Greedy Agent (Move toward target)

from envs.warehouse_env import WarehouseEnv, WarehouseAction

def get_greedy_action(obs):
    """Simple greedy policy: move toward nearest target."""
    robot_x, robot_y = obs.robot_position

    # If not carrying, move toward nearest waiting package
    if obs.robot_carrying is None:
        for pkg in obs.packages:
            if pkg["status"] == "waiting":
                target_x, target_y = pkg["pickup_location"]
                break
        else:
            return 4  # Try to pick up if at location
    else:
        # Move toward dropoff zone
        pkg = next(p for p in obs.packages if p["id"] == obs.robot_carrying)
        target_x, target_y = pkg["dropoff_location"]

    # Simple pathfinding: move closer on one axis
    if robot_x < target_x:
        return 3  # RIGHT
    elif robot_x > target_x:
        return 2  # LEFT
    elif robot_y < target_y:
        return 1  # DOWN
    elif robot_y > target_y:
        return 0  # UP
    else:
        # At target location
        return 4 if obs.robot_carrying is None else 5

env = WarehouseEnv.from_docker_image("warehouse-env:latest")

for episode in range(10):
    result = env.reset()
    done = False

    while not done:
        action_id = get_greedy_action(result.observation)
        action = WarehouseAction(action_id=action_id)
        result = env.step(action)
        done = result.done

    state = env.state()
    print(f"Episode {episode}: {state.packages_delivered}/{state.total_packages} delivered, "
          f"reward: {state.cum_reward:.2f}")

env.close()

Integration with RL Libraries

Stable Baselines 3

import gymnasium as gym
import numpy as np
from stable_baselines3 import PPO
from envs.warehouse_env import WarehouseEnv, WarehouseAction

class WarehouseGymWrapper(gym.Env):
    """Gymnasium wrapper for Warehouse environment."""

    def __init__(self, base_url="http://localhost:8000"):
        super().__init__()
        self.env = WarehouseEnv(base_url=base_url)

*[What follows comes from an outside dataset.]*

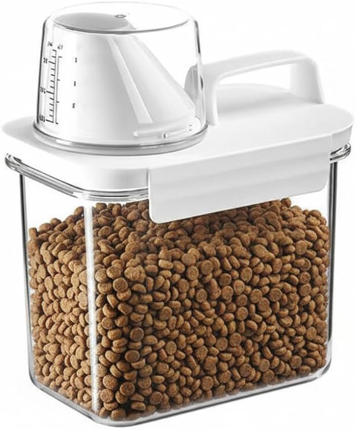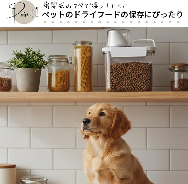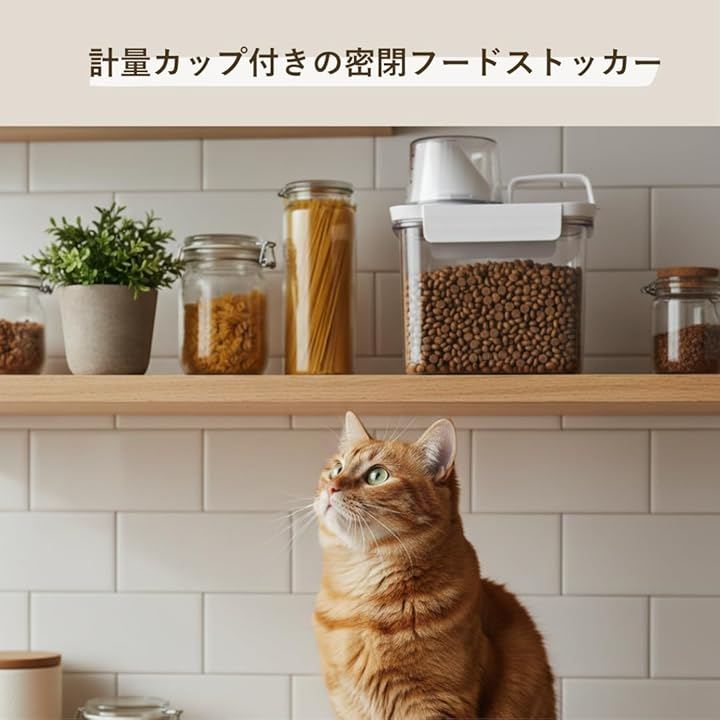 「計量カップ付きで使いやすさ抜群。ペットフードも湿気知らず」ペットのドライフード保存用にぴったりな密閉フードストッカー。
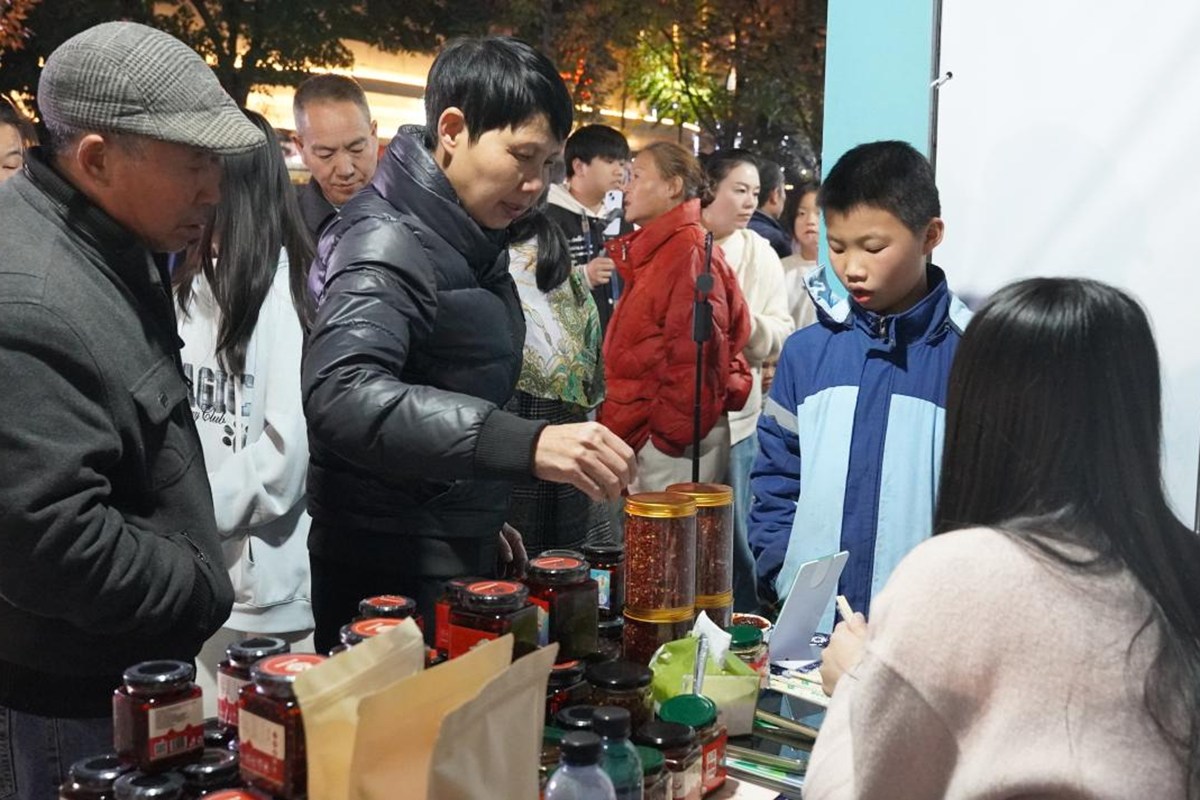 挤在人潮里,随着鼓点挪进巡展长廊,“百县百味”招牌下人头攒动。来自长潭村的江西省辣都餐饮管理有限公司摊位前,工作人员刚舀起一勺泛着红油的小鱼仔,香辣味瞬间勾得食客层层围拢,“多装两瓶,拌面条香!”“这小鱼仔够劲,再给我来三瓶!”的喊声此起彼伏。摊位上,新品“辣都武功山小鱼仔”最是抢手,透明玻璃瓶里,小鱼裹着鲜红辣酱,不到半小时就补了两次货,成了当晚妥妥的“销量王”。“除了这爆火的小鱼仔,我们还有‘添小狗’‘辣婆佬’这些牌子,年轻人爱新潮的‘添小狗’,45岁以上的乡亲就认老配方的‘辣婆佬’,各有各的受众!”工作人员忙着打包,手上动作不停:“今晚单是这‘辣都武功山小鱼仔’,就卖出去好多瓶,好多游客说要带回去给家人尝尝鲜!”这家辣文化农业企业,今年10月才入驻五陂镇,携手长潭村的江西省老渡口农业科技发展有限公司,借着五陂镇农文旅融合发展的东风,让本土辣味香飘文旅盛宴,也让村集体经济有了新增长点。

        # Define spaces (simplified)
        self.action_space = gym.spaces.Discrete(6)

        # Observation: grid + robot state + package info
        # For simplicity, use flattened representation
        self.observation_space = gym.spaces.Box(
            low=0, high=255,
            shape=(200,),  # Adjust based on grid size
            dtype=np.float32
        )

    def reset(self, **kwargs):
        result = self.env.reset()
        obs = self._process_obs(result.observation)
        return obs, {}

    def step(self, action):
        result = self.env.step(WarehouseAction(action_id=int(action)))
        obs = self._process_obs(result.observation)
        return obs, result.reward, result.done, False, {}

    def _process_obs(self, observation):
        # Flatten grid and add robot/package info
        grid_flat = np.array(observation.grid).flatten()
        robot_pos = np.array(observation.robot_position)
        carrying = np.array([1 if observation.robot_carrying else 0])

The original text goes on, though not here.